The internal working group of the Reserve Bank of India to review extant ownership guidelines and corporate structure for Indian private sector banks has come out with a slew of suggestions on issues including corporate structure, pledging of shares by promoters, and initial capital required for licensing new banks.

Significantly, the report has said that well-run large Non-banking Finance Companies (NBFCs), with an asset size of ₹50,000 crore and above, including those that are owned by a corporate house, may be considered for conversion into banks, subject to completion of 10 years of operations and meeting due diligence criteria and compliance with additional conditions specified in this regard.

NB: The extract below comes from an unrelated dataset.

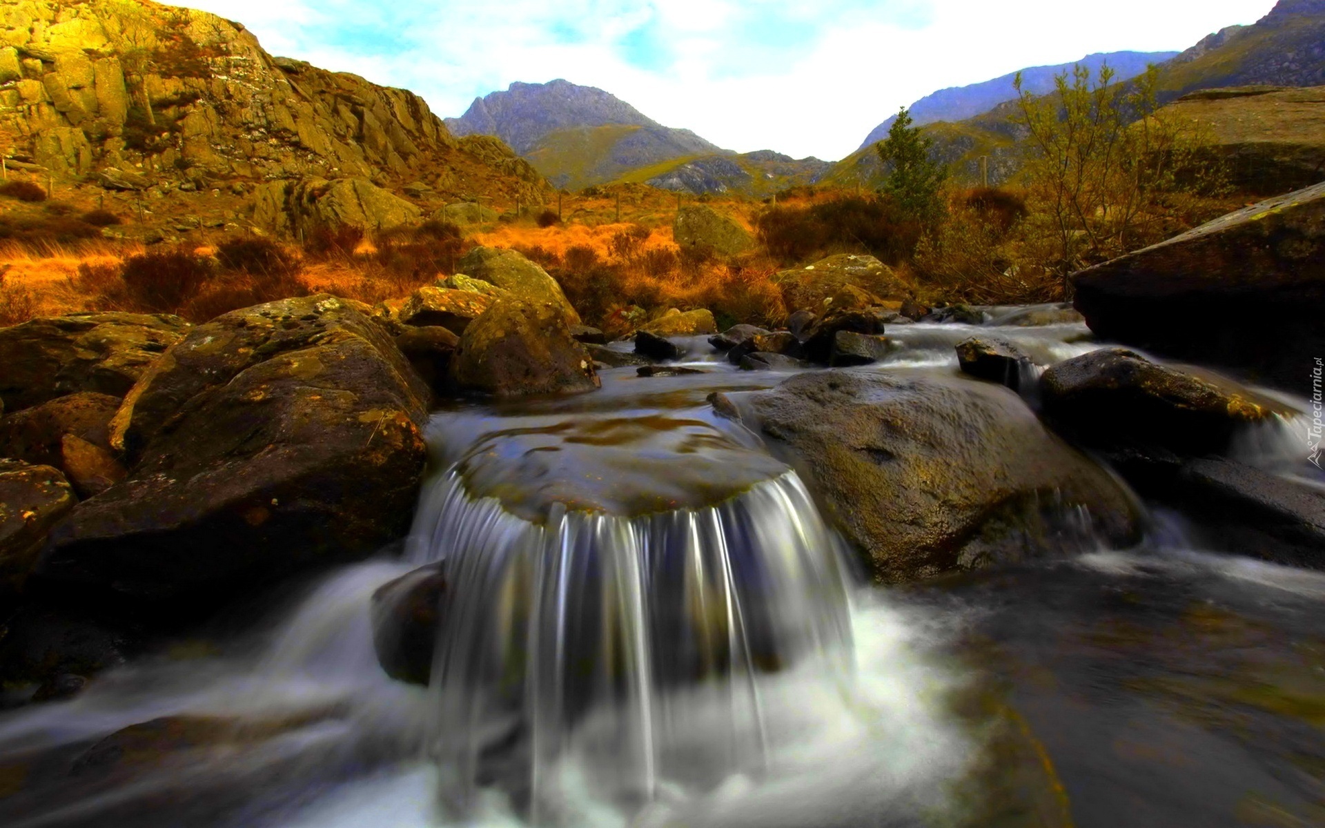 Edytor tapety: Rzeczka, Wodospad, Krzewy, Góry, Kamienie

It has, however, noted that there may be a need for a stricter set of criteria if NBFCs owned by large industrial houses are to be considered for conversion into banks. “Depending on experience gained after say five years, with conversion of NBFCs into banks, the Reserve Bank may review the policies in this regard to either tighten or relax policy,” it has said.

Seeks comments

The RBI has sought comments on the report by January 15, 2021. “The RBI will examine the comments and suggestions before taking a view in the matter,” it said.

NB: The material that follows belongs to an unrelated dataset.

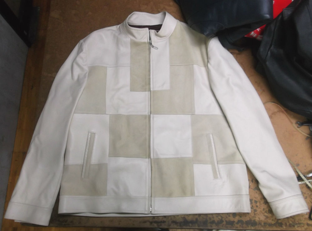 1枚目は来店されたお客さんのサイズを小さくしていく前のレザージャケットです。

The working group has called for continuing with Non-operative Financial Holding Company (NOFHC) as the preferred structure for all new licences to be issued for universal banks. “However, it should be mandatory only in cases where the individual promoters, promoting entities converting entities have other group entities,” it said.

While banks licensed before 2013 may move to an NOFHC structure at their discretion, once the NOFHC structure attains a tax-neutral status, all banks licensed before 2013 shall move to the NOFHC structure within five years from announcement of tax-neutrality, it has further said.

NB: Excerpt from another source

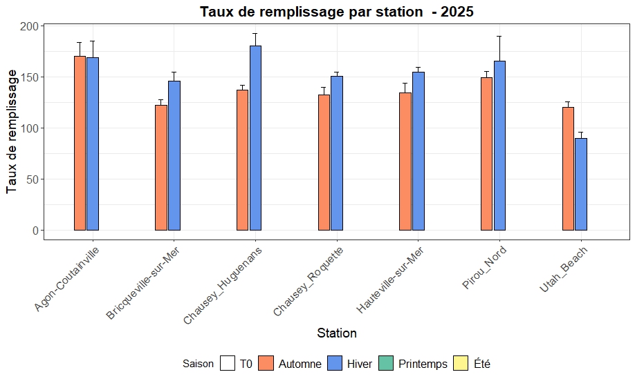 Production sur pieux (moyennes régionales des 7 sites)

Noting that the concerns with regard to banks undertaking different activities through subsidiaries, joint ventures, associates need to be addressed through suitable regulations till the NOFHC structure is made feasible and operational, the working group has suggested that a bank and its existing subsidiaries, JVs, associates should not be allowed to engage in similar activity that a bank is permitted to undertake departmentally.

“However, banks may be permitted to make total investments in financial or non-financial services company, which is not a subsidiary, JV, associate up to 20 per cent of the bank’s paid up share capital and reserves.

The panel has further called for disallowing pledge of shares by promoters during the lock-in period, which amounts to bringing the unencumbered promoters’ shares below the prescribed minimum threshold.

“The Reserve Bank may introduce a reporting mechanism for pledging of shares by promoters of private sector banks,” it has said.

The minimum initial capital requirement for licensing new banks should be doubled to ₹1,000 crore from ₹500 crore for universal banks, and to ₹300 crore for small finance banks from the current ₹200 crore.

For Payments Banks that plan to convert to a Small Finance Bank with a track record of three years of experience as Payments Bank, may be considered as sufficient, it has said.

Further, SFBs and Payments Banks may be listed within ‘six years from the date of reaching net worth equivalent to prevalent entry capital requirement prescribed for universal banks’ or ‘10 years from the date of commencement of operations’, whichever is earlier.